Когда они оказались за толстой дверью, срезанной из столетнего тибетского кедра, Катя, задыхаясь, со слезами на глазах, спросила:

– Триша, он… умрет?.. Они забьют его до смерти?..

– Может быть, и нет. Они знают искусство порки в совершенстве. Они могут сделать так, что мясо на спине будет отставать от костей, но сам ты останешься жив.

У Кати потемнело в глазах, подкосились колени. Она упала в мгновенный, постыдный обморок, и Семенов еле успел подхватить ее.

* * *

Выглянуть в окно. Почтальон не приходил, писем нет. Ни из России, ни из Китая… ни из Англии… ни из далекой Америки.
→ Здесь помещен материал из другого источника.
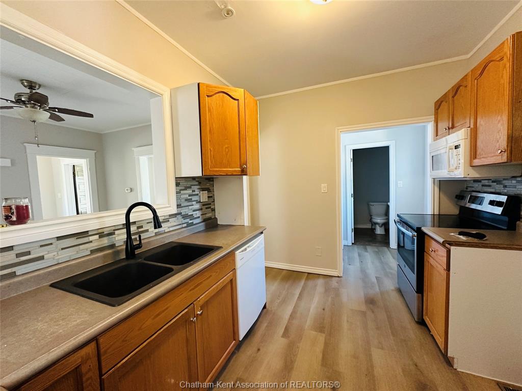 Step into this inviting 2-storey home that blends timeless character with a few modern touches—perfect for families looking to add their own style and vision. The home features a fresh coat of paint throughout and new smooth flooring on both levels, offering a clean slate to work from. The main floor includes a functional galley kitchen that opens to a large dining room—ideal for family dinners or casual get-togethers. The bright and spacious living room is filled with natural light, while the front sunroom adds a cozy space to relax with a morning coffee or unwind at the end of the day. A handy 2-piece bath and back mudroom complete the main level. Upstairs, you’ll find three bedrooms and a full 4-piece bath, ready for your finishing touches. The basement houses the laundry, mechanicals, and plenty of storage space. Outside, the fenced yard offers a private space with room for gardening, or outdoor entertaining. The detached single-car garage provides additional storage or workshop potential. With its blend of older charm, recent updates, and endless possibilities, this home is ready for someone to bring their creativity and make it truly their own.

А уже ведь начинается зима. Она здесь не похожа ни на сибирскую, ни на петербургскую. И на московскую, с голубым снежком на золотых куполах, с голубями на пряничных карнизах старых домов и побеленных к прошлой Пасхе церквей, с криками: «А вот сбитню!.. А вот сбитеньку горяченького!..» – она вот уж никак не похожа. Где те сбитенщики, где те беспечно воркующие голуби на застрехах?.. В Москве стреляют. В Москве, красной столице, наново перекраивают мир. Маленький лысый человечек командует кройкой и шитьем. А здесь, в Азии, портновские ножницы в грубой руке держит – кто?

Ах, Егор Михайлыч, сам ты знаешь, кто. Знаешь – и молчи, улыбайся.

Кого видать издалека, а кого – и из подполья не вытянешь без молитвы. Кто назвался груздем – не обязательно полезет в кузов, ты-то уж знаешь это, Медведев. Почтальона нет – надо ждать посыльного.

Ты исчез вместе с теми, кто исчезал. Ты исчез – и нет тебя. И делу конец.

Сказке конец, а кто слушал, молодец. Он погладил ладонью лоб. Сменить имя – освободить себе руки для деяния. Если хочешь, чтобы тайное стало явным, сделай из явного – тайное. «Ты рассуждаешь уже как туманный буддист, Егор». Он ткнул указательным пальцем сползающее с носа пенсне, снова уставился в карту Центральной Азии, лежащую перед ним под тускло горящей лампой, под красным, как в борделе, абажуром на широком, будто плот, столе.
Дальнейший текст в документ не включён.